When I got dumped after a 4 year relationship I was in so much pain I decided that was the answer. I’m here because I had an intuitive friend who made an emergency call to my therapist because even having a therapist sometimes doesn’t help. I went to work and cleaned up my desk so whoever came after me wouldn’t have a mess to clean up and while there I got a phone call and I guess I sounded weird to her because it scared her. I went home, took a shower, got in my pj’s and took my pillow and put it down by the heater and blew out the pilot and lay down to go to sleep. And the phone started to ring, I ignored it. I ignored it through the first message from my therapist into the answering machine. She kept calling and she finally said something I heard. She told me it was alright to do if it was an action on my part and not a reaction. That finally got through and I got up and picked up the phone. I promised to wait an hour and I was so mad about a promise that hadn’t been kept that I had to keep this one and she knew that. She kept calling me once an hour all night because I wouldn’t promise more than an hour and the next morning she somehow got me to come to her home office for a session of over 2 hours and she never charged me. I’m here because she did that. The friend who called her has never forgiven me and so haven’t several others and that was back in 1989.

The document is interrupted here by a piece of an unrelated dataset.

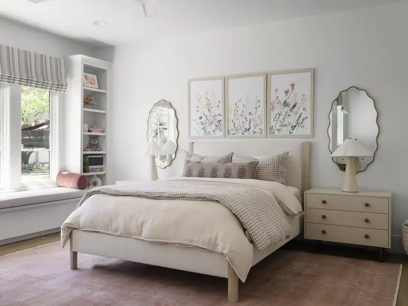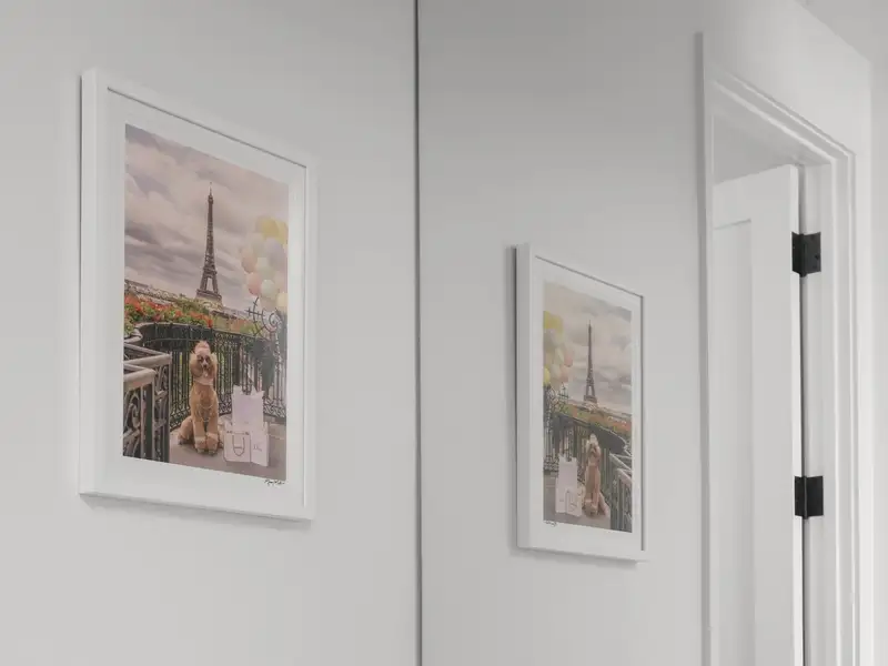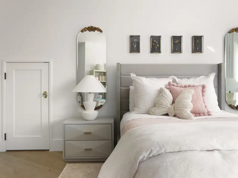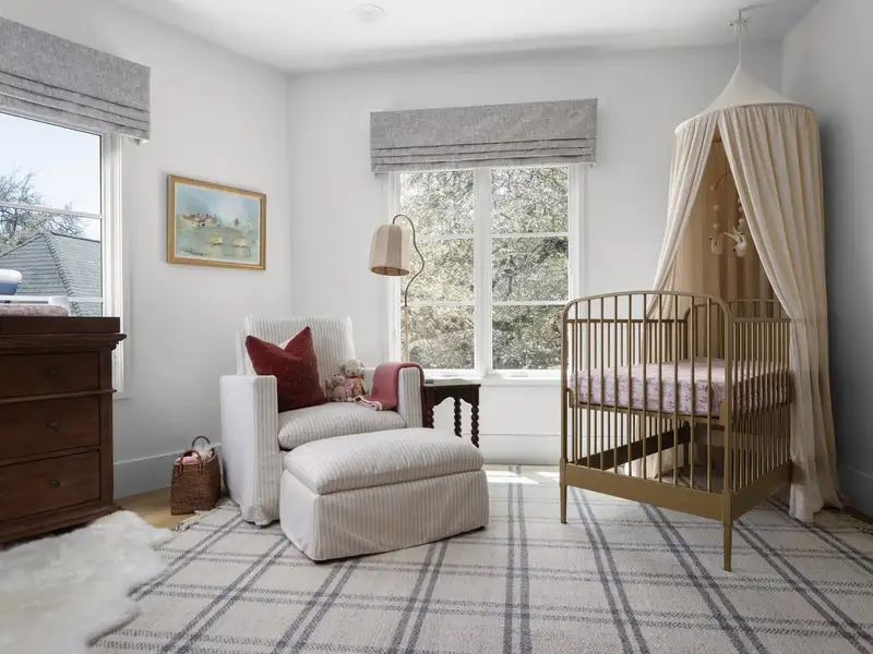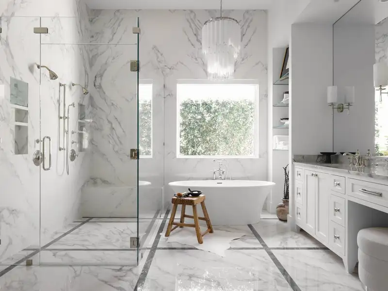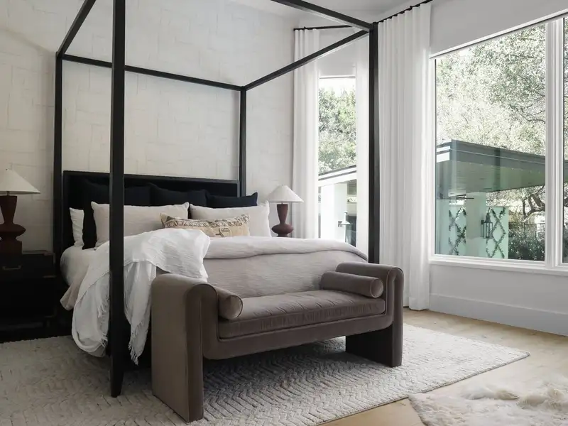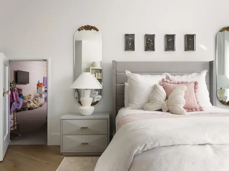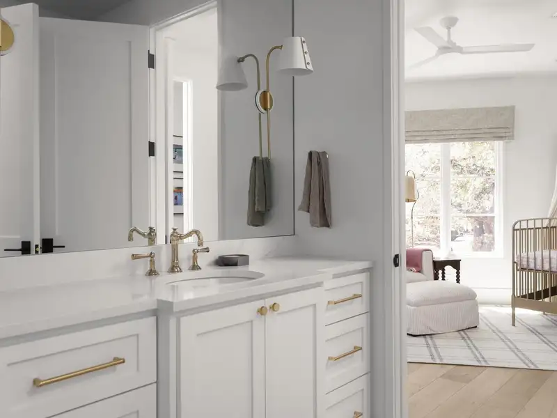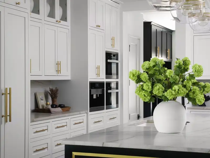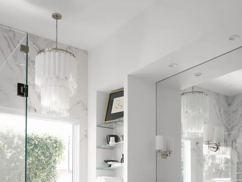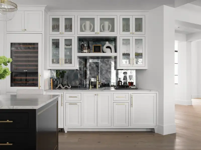 Inside, every detail speaks to a heightened level of design. White oak floors, lueders stone, and tiles from Ann Sacks and Horizon Italian Tile form the foundation of a serene and stylish palette. Designer lighting fixtures complement handcrafted custom cabinetry and countertops curated from Architectural Tile & Stone. The kitchen is outfitted for a culinary connoisseur with Wolf, Sub-Zero, Miele, Cove, and Marvel appliances, while custom hardware and plumbing fixtures elevate the tactile elegance throughout. The living spaces, graced with bespoke millwork from Delta Millworks and striking custom railings, include multiple sitting areas, a formal dining room with adjacent butler’s pantry, a media room with wet bar, and a bright lounge that flows seamlessly through bi-fold doors onto the covered veranda, creating indoor/outdoor living.

What most people don’t know is that I would do it again if I thought it was necessary. This time I would have an active reason but if I got a diagnosis of a terminal disease, I’d do it without turning back because I wouldn’t want the people I love to suffer watching me go and I’d want control of it. Terry Pratchett is right that for some people it’s an option, for others it’s not and I respect that.
The Black Dog tends to be genetic and run in families and the Black Dog has a fondness for Scots and Scandinavians and I have both bloods running in my veins. There is a reason the MMPA was started for a bunch of Scandinavian farmers in Minnesota. The Scandinavian countries have some of the highest suicide rates in the world. All of them are in the top 20 and together it would be higher.
The stigma of suicide is a Christian phenomenon. They think it’s a sin. I don’t, sometimes it’s taking control of the uncontrollable. And there can be no shame in that. I’m not sorry I tried it. I learned a lot about myself and I won’t ever take it lightly. Every day I am here, it is because I choose to be here and that is more than most people can say. I do not float through life like a leaf in a stream. I am not ashamed of it but I don’t talk about because other people freak out and start lecturing me. Don’t want to hear it. If I should ever find myself in that circumstance again, no one will know until it’s done and there will be no mess to clean up. Nothing that will harm another person like I almost blew up the house, that was dumb.
So Robin, I understand what may have made you do it and if it was the only way to stop the pain, I understand that too. Blessings on your journey and hope if you have another life you don’t find it so painful even though the pain and your wit is what made you so funny. Captain, my Captain.